◆ Exercise goal
Look in the listing below for the line that has "O testador de", then return it and each following line up to and including the one with "in the Waikoloa", exactly and without pictures.

◆ Data for review
= Beginning of Section =
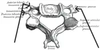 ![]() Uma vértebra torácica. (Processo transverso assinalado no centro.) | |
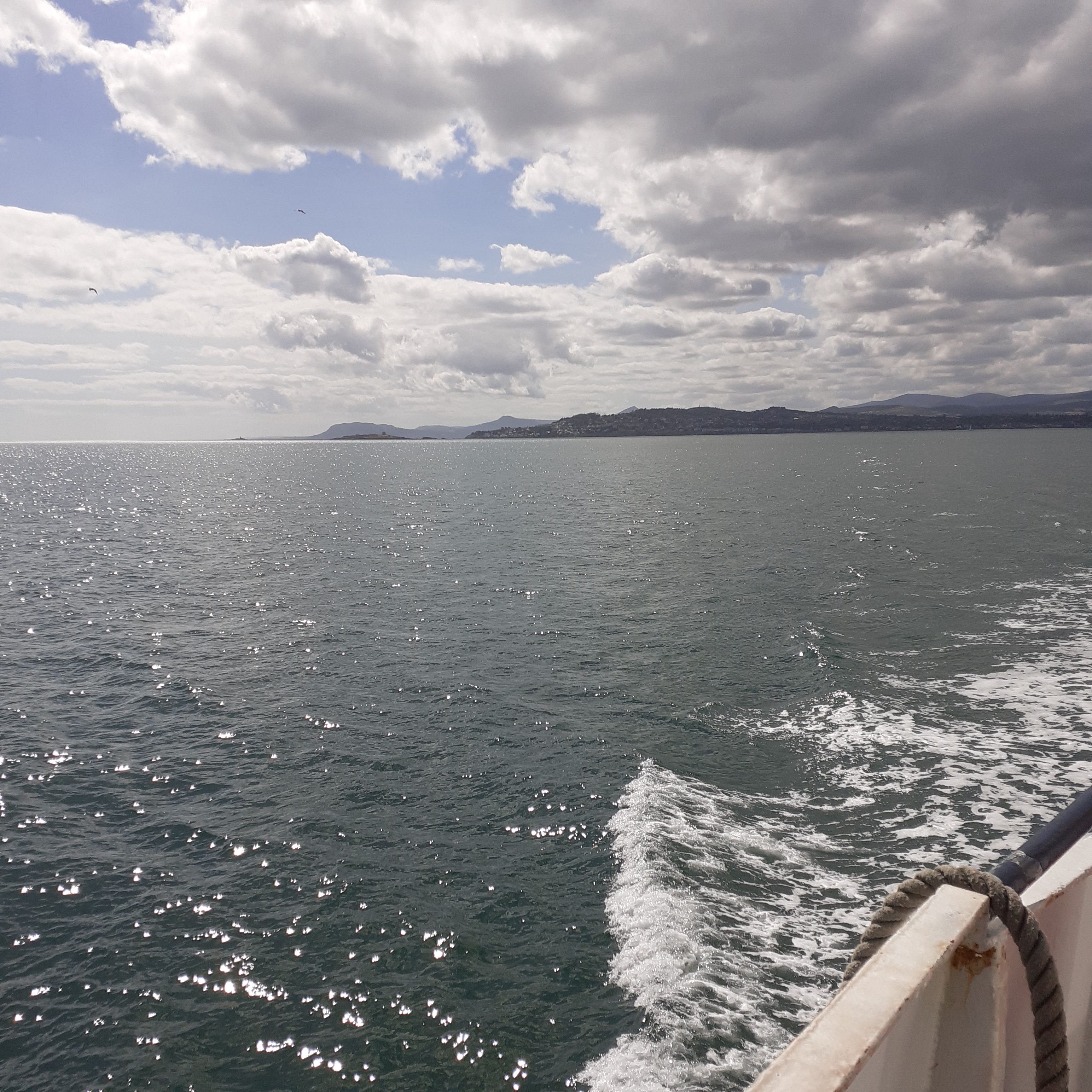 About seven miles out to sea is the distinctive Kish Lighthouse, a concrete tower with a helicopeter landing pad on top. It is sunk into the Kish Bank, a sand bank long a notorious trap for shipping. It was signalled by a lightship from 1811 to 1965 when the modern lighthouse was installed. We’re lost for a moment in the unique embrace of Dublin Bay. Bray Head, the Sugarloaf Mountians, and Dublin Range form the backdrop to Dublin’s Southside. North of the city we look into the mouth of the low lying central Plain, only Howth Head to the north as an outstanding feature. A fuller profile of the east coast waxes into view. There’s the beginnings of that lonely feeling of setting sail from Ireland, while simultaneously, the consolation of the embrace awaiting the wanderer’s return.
= End of Section =
= Beginning of Section =
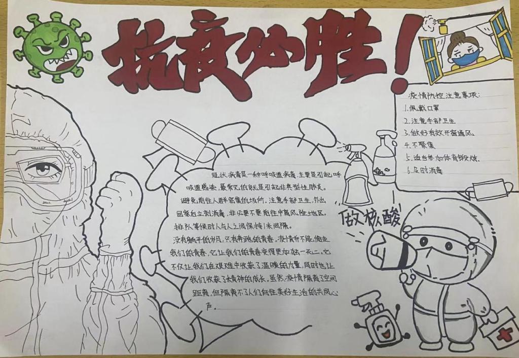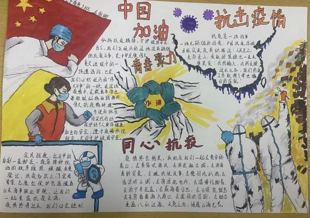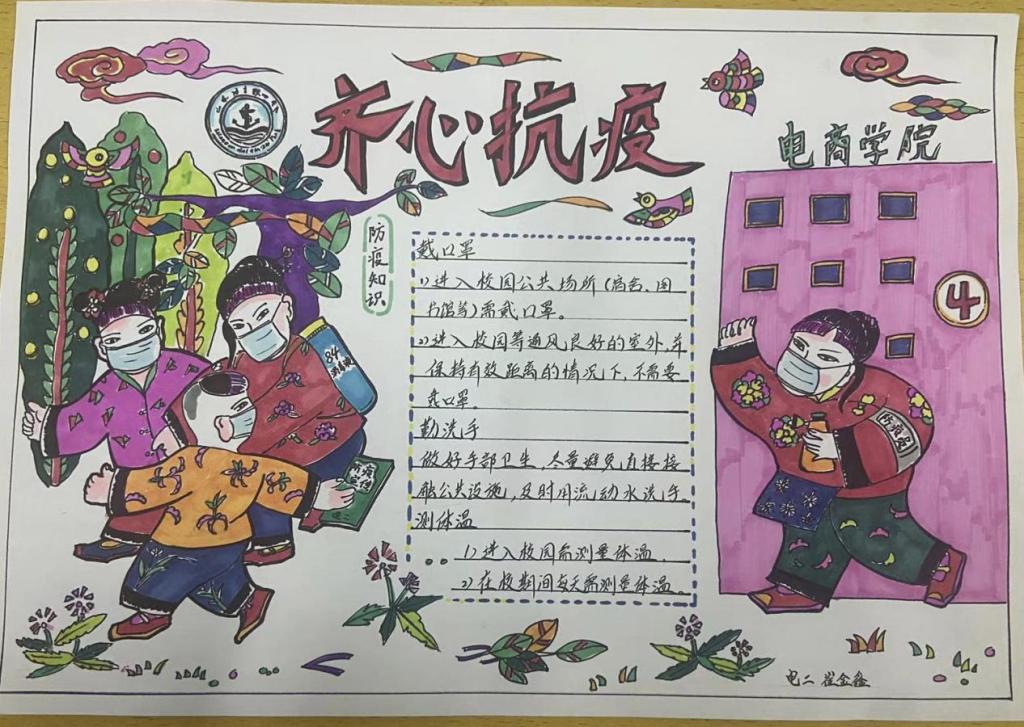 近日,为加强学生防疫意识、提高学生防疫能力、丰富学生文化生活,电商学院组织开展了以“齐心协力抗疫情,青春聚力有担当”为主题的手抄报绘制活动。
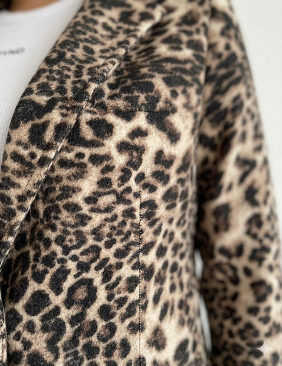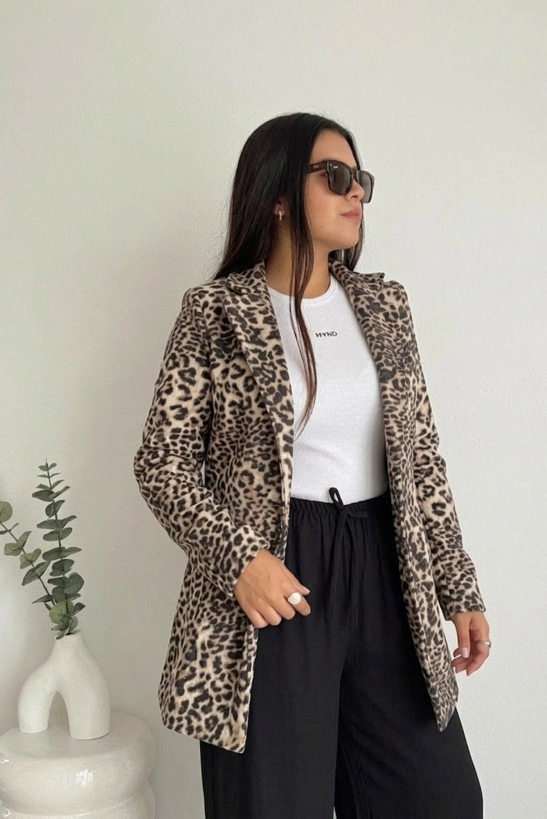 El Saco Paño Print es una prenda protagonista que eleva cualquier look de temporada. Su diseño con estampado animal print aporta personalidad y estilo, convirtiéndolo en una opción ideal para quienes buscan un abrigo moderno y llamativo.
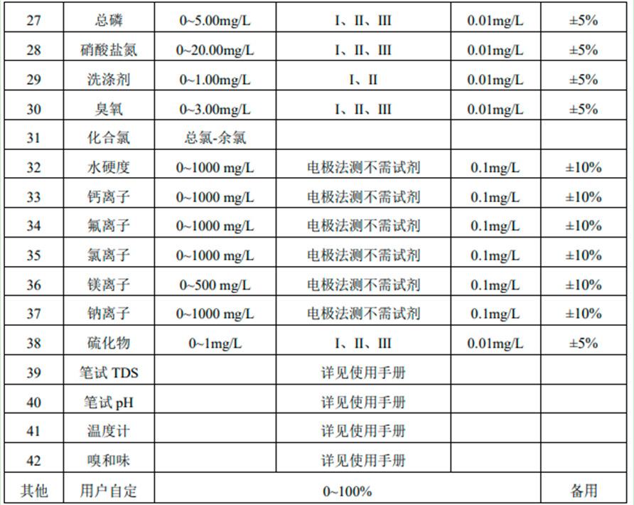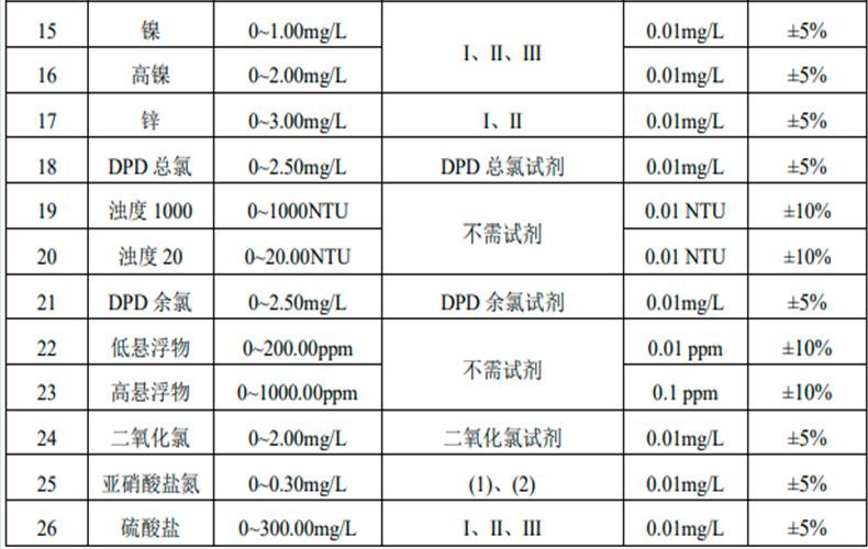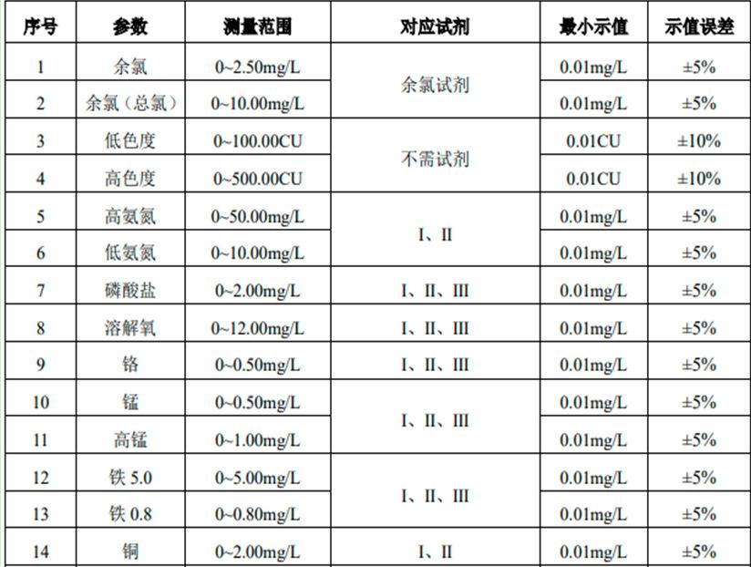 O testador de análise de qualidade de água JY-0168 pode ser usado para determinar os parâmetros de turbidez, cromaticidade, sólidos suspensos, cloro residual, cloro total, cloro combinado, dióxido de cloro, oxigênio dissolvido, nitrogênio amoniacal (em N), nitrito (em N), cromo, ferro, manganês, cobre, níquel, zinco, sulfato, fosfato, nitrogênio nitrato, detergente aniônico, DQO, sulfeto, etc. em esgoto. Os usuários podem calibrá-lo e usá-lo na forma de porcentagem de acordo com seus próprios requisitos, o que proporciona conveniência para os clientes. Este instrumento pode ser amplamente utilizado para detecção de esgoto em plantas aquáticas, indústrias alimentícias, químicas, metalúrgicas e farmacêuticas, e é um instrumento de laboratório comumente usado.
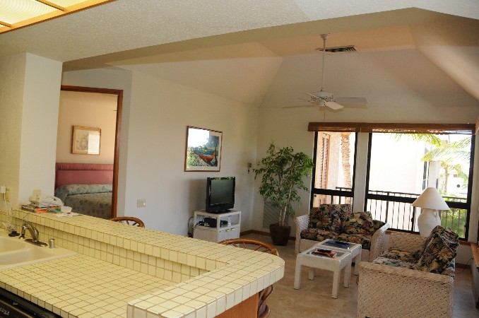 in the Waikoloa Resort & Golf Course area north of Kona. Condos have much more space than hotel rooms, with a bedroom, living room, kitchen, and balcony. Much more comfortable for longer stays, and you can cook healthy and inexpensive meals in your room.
= End of Section =
= Beginning of Section =
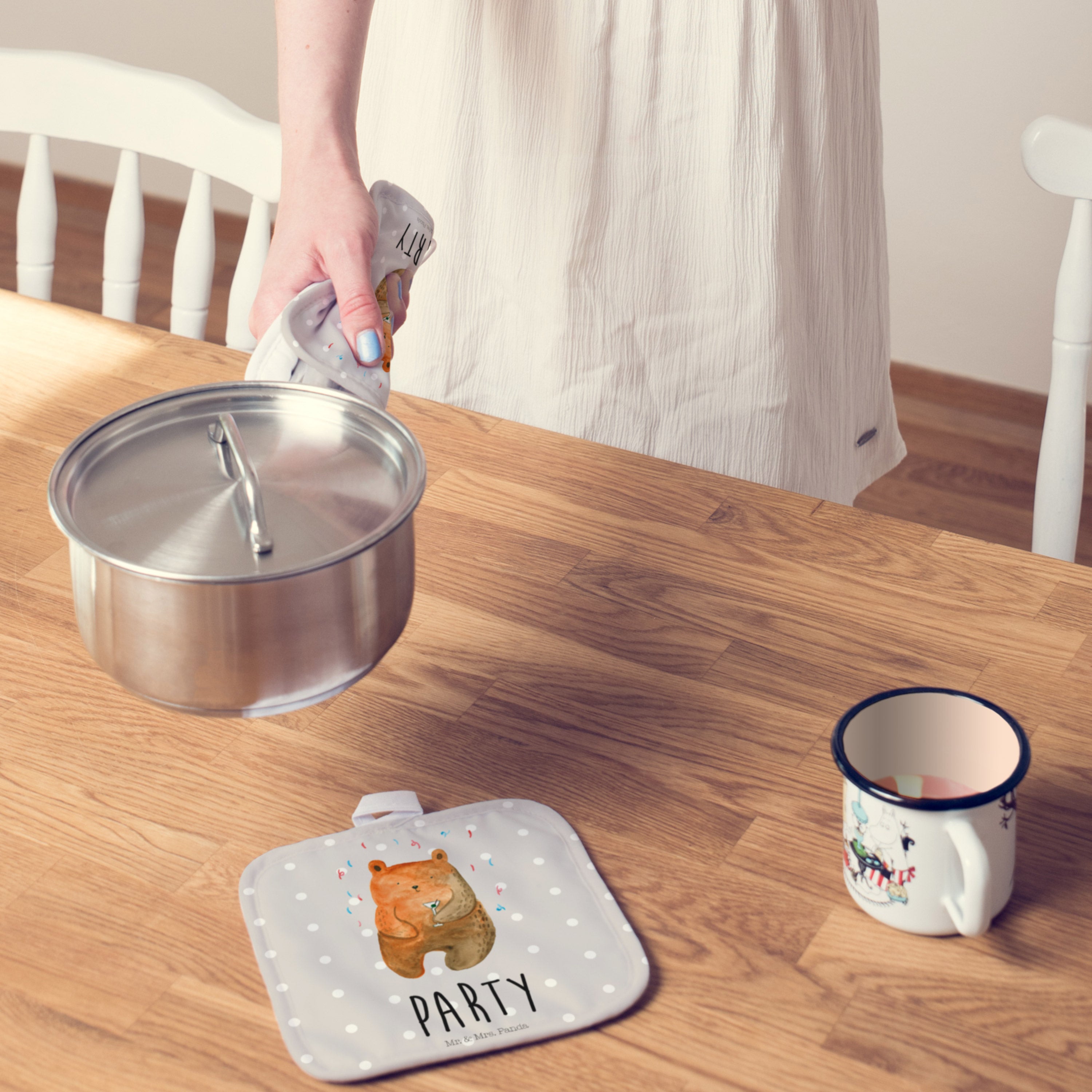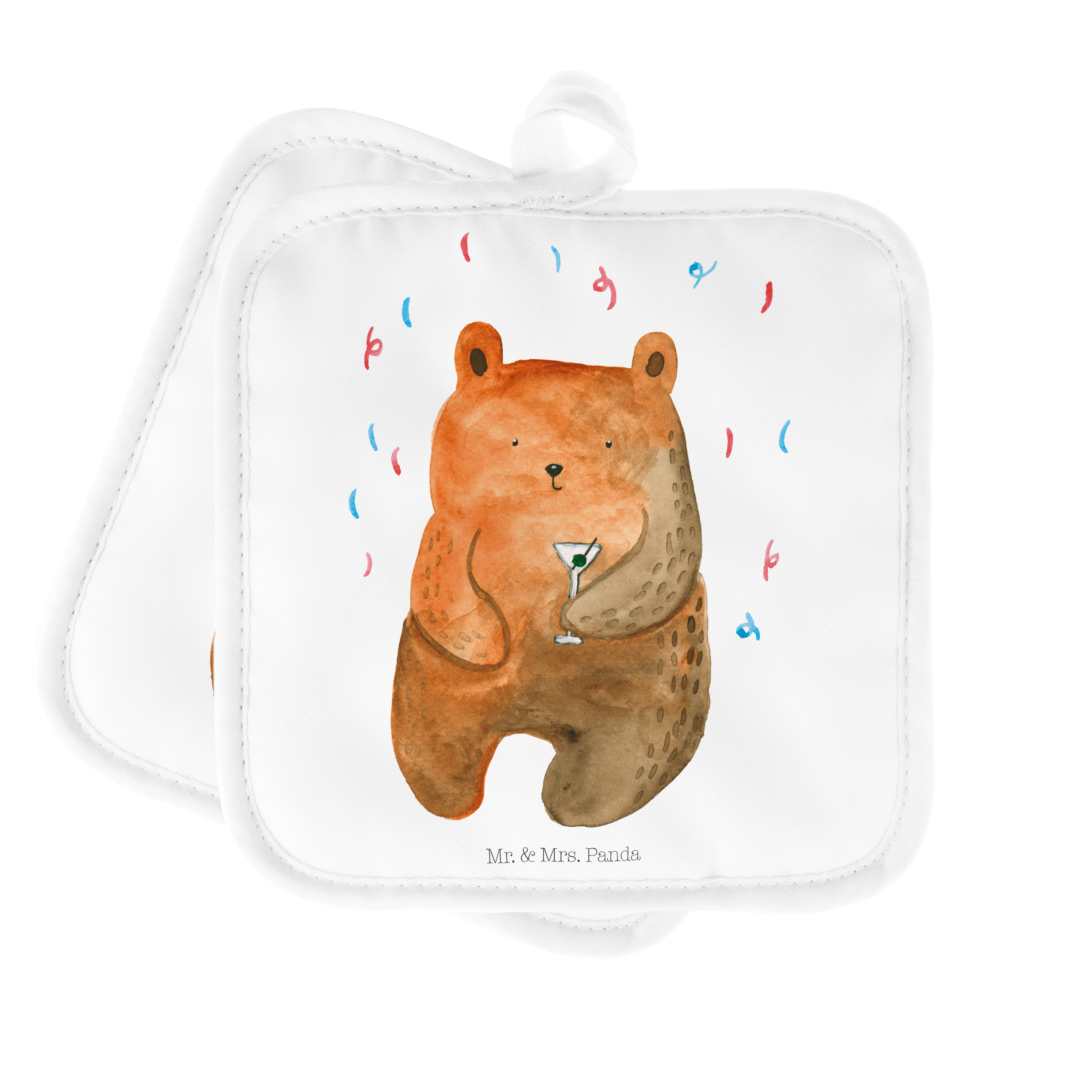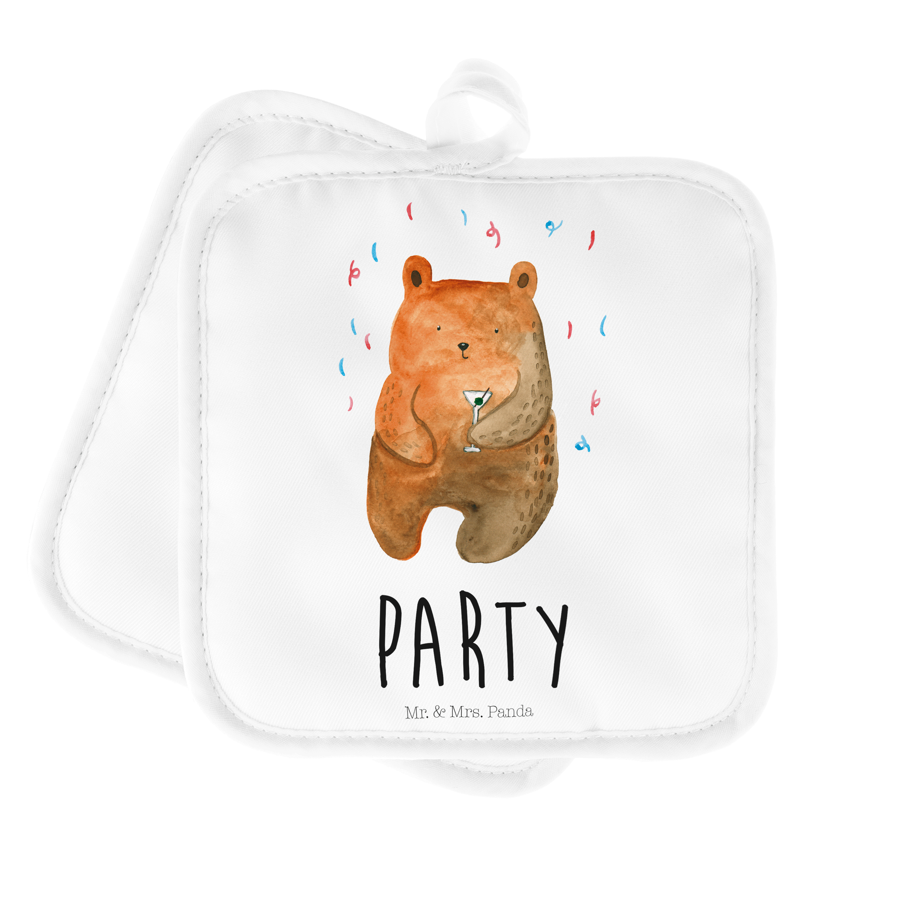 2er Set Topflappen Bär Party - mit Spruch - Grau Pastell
= End of Section =
◆ Solution
 O testador de análise de qualidade de água JY-0168 pode ser usado para determinar os parâmetros de turbidez, cromaticidade, sólidos suspensos, cloro residual, cloro total, cloro combinado, dióxido de cloro, oxigênio dissolvido, nitrogênio amoniacal (em N), nitrito (em N), cromo, ferro, manganês, cobre, níquel, zinco, sulfato, fosfato, nitrogênio nitrato, detergente aniônico, DQO, sulfeto, etc. em esgoto. Os usuários podem calibrá-lo e usá-lo na forma de porcentagem de acordo com seus próprios requisitos, o que proporciona conveniência para os clientes. Este instrumento pode ser amplamente utilizado para detecção de esgoto em plantas aquáticas, indústrias alimentícias, químicas, metalúrgicas e farmacêuticas, e é um instrumento de laboratório comumente usado.
 in the Waikoloa Resort & Golf Course area north of Kona. Condos have much more space than hotel rooms, with a bedroom, living room, kitchen, and balcony. Much more comfortable for longer stays, and you can cook healthy and inexpensive meals in your room.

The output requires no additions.